Your own explanation is the right one. Pre-ANSI C ('K&R' C) did not have a void * type with implicit conversion. char * doubled as a pseudo void * type, but you needed the explicit conversion of a type cast.
In modern C the casting is frowned upon because it can suppress compiler warnings for a missing prototype of malloc. In C++, the casting is needed (but there you should be using new instead of malloc most of the time).
Update
My comments below that try to explain why the cast is required were a bit unclear, I'll try to explain it better here. You might think that even when malloc returns char *, the cast is not needed because it is similar to:
int *a;
char *b = a;
But in this example a cast is also needed. The second line is a constraint violation for the simple assignment operator (C99 6.5.1.6.1). Both pointer operands need to be of compatible type. When you change this to:
int *a;
char *b = (char *) a;
the constraint violation disappears (both operands now have type char *) and the result is well-defined (for converting to a char pointer). In the 'reverse situation':
char *c;
int *d = (int *) c;
the same argument hold for the cast, but when int * has stricter alignment requirements than char *, the result is implementation defined.

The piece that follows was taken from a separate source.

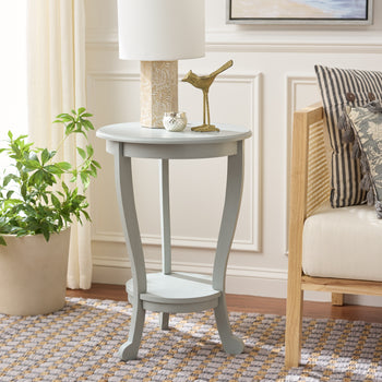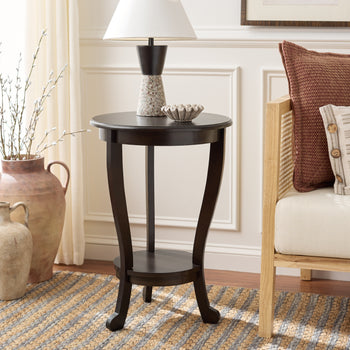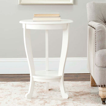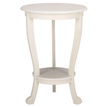 The Mary Pedestal Side Table in finished pine is the perfect accent for any room in need of a feminine touch. With graceful curves and simple cabriole legs, Mary offers a round table top and a smaller bottom shelf to hold your treasures.

Conclusion: In the pre-ANSI days the type cast was necessary because malloc returned char * and not casting results is a constraint violation for the '=' operator.
The problem here is not compatibility with any dialect of C. The problem is C++. In C++, a void pointer cannot be automatically converted to any other pointer type. So, without an explicit cast, this code would not compile with a C++ compiler.
I'm not aware that malloc ever returned a char*.
But implicit casting from void* to type_t* (or any other type) hasn't always been allowed.
Hence, the need to explicitly cast to the proper type.
What's the point of casting the pointer returned from malloc() since it's void *?
Quite the contrary. You need to cast a void pointer to an actual type before you can use it, because a void * signifies nothing about the data stored at that location.